The campaign continues
At GMIAU, we were utterly thrilled for Nelson and his family, and proud to have been part of this journey with them, with the right outcome for him at the end of it. What ultimately won the day – the legal challenge, the media scrutiny, the parliamentary intervention, or a combination of all three – we will never know.
But as Nelson said, the war isn’t over: because the Home Office settled the case, the court didn’t get to hear our argument against the policy and the ten year route itself. This is still something that needs to be taken forward. With Nelson and his family, we’re writing to Seema Malhotra, the Parliamentary Under-Secretary of State for Migration and Citizenship of the United Kingdom. We’re asking her to meet with us and to consider capping all routes to settlement at five years.
While there are other changes to the ten year route that are urgently needed, like scrapping visa fees and the No Recourse to Public Funds condition – shortening the route is our key ask, shared by other campaigning organisations. It would remove years of burden from people, and it would save resources for the Home Office, which faces severe delays in making decisions on fee waiver and leave to remain applications. It would mean that people like Nelson, already embedded in their communities, would not face that ten year “probationary period” of precarious status.
The policy work continues and there remains scope for others, like Nelson, to apply for indefinite leave to remain on a discretionary basis.
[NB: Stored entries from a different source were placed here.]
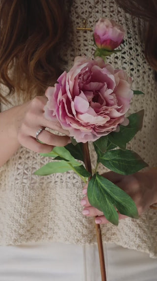 This faux blush Peony stem has a beautiful. authentic appearance, featuring an abundance of blush petals and a fully open bloom, along with a budded side shoot and luxurious green foliage. This versatile stem can be arranged en masse for a striking presentation, or paired with our blush Magnolia and blush Eucalyptus for a cohesive look.
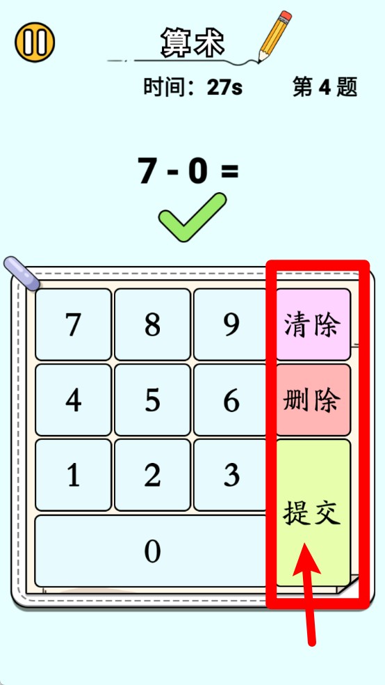 2.作答功能区域:右侧按钮包含“清除”、“删除”及“提交”,分别用于清空、删除数字和提交答案。
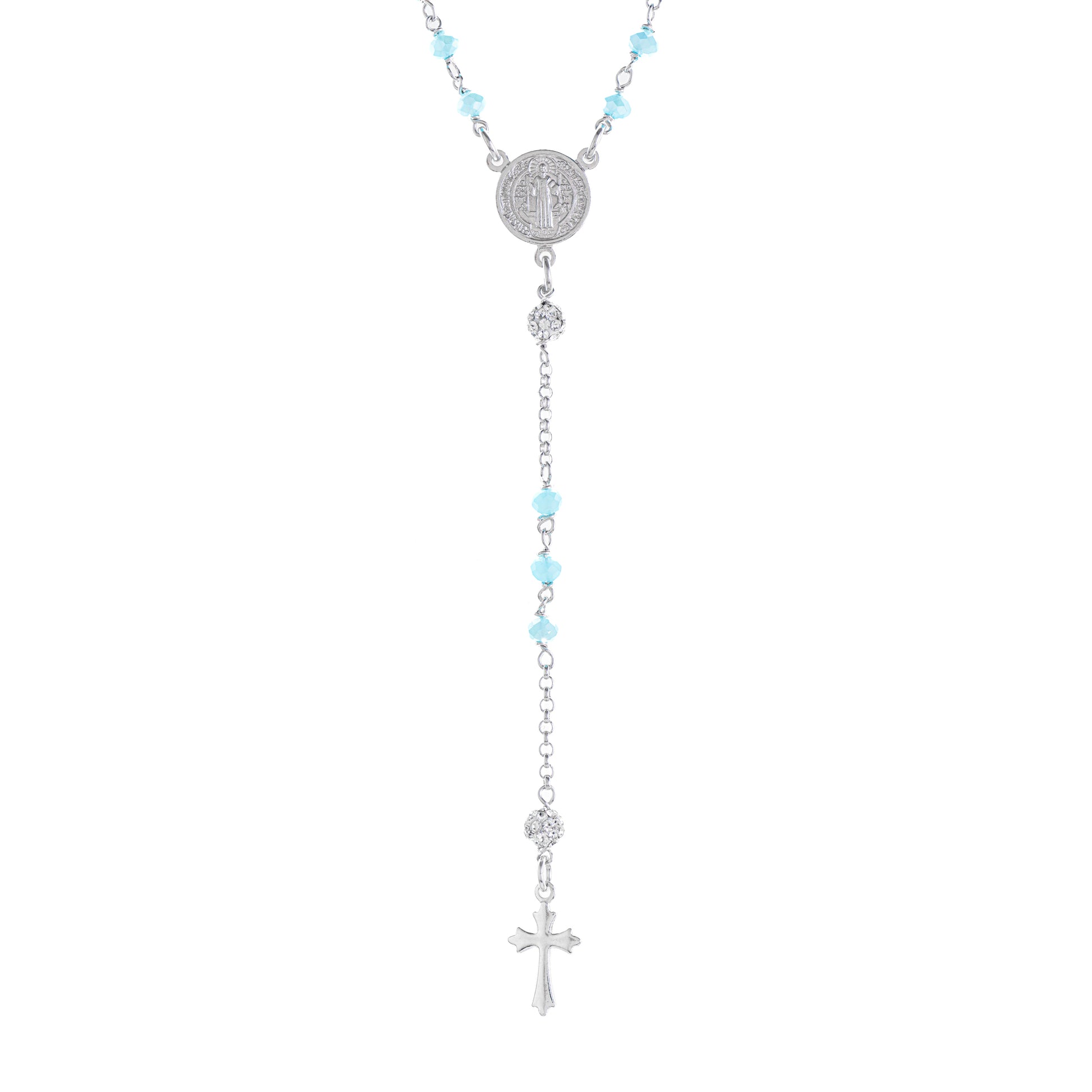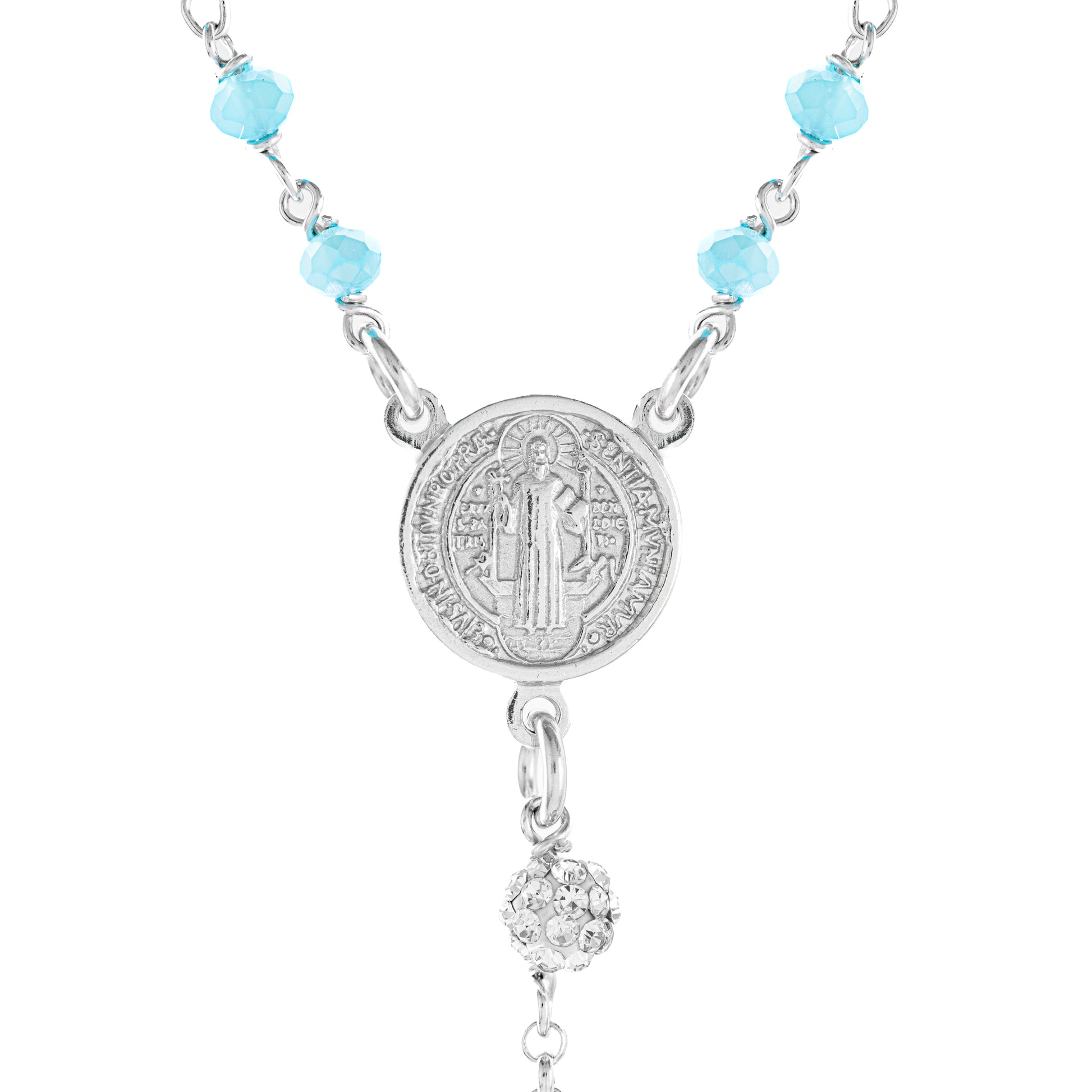 Rosario Argento 925 con Medaglia di San Benedetto. Grano da 3,5 mm. Celeste.
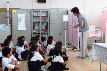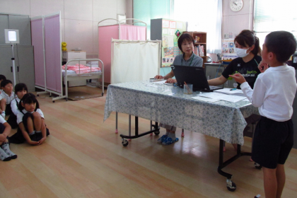 1年生は視力検査をしました。はじめに保健室の先生から検査の仕方を聞きましたが、1学期にもしているのでみんな覚えていたようです。順番に検査して環の切れている方向を答えたり指を指したりしていました。
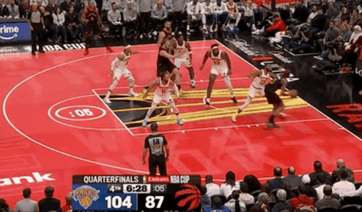NBA杯淘汰賽,尼克斯對(duì)陣猛龍的招牌比賽正在進(jìn)行中。
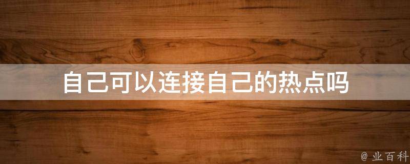自己可以连接自己的热点。在设置中,我们可以将自己的手机设置为一个热点,然后通过另一个设备来连接该热点来共享网络。具体操作因手机品牌和系统版本而异,可以参考手机说明书或者搜索相关教程进行操作。
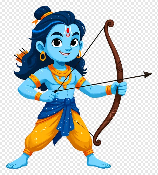 Download this enchanting cartoon Lord Rama PNG for free! This adorable illustration features the beloved Hindu deity with his iconic blue skin, a radiant smile, long flowing hair, and a prominent red tilak. Depicted in a divine archery pose, holding his bow and arrow, he is adorned with intricate golden jewelry including a necklace, earrings, and bangles. Perfect for celebrating Ram Navami, Diwali, Dussehra, or adding a touch of spirituality and cultural charm to your designs. Use this high-quality, transparent background image for kids' projects, cultural content, festive greetings, educational materials, digital art, and more. Enhance your digital creations with this charming and powerful representation of the Ayodhya prince!

The threshold is high, but as “A Punishing Process” and our casework shows, many people for many reasons find themselves with a set of exceptional circumstances and a viable argument to show that a probationary period of ten years is irrational.
The key question: why should someone whose life and future lies here in the UK need to endure ten years of precarious status and pay thousands of pounds before they can settle? still needs to be answered by the courts and ultimately by Parliament.
GMIAU would like to thank Rowena Moffatt of Doughty Street Chambers for all her support with the legal challenge.
This article was co-authored by Rivka Shaw. Rivka Shaw has been a Policy Officer at Greater Manchester Immigration Aid Unit since 2020. She works with people affected by immigration controls to research and document immigration injustice in the North West, and to advocate and campaign for change.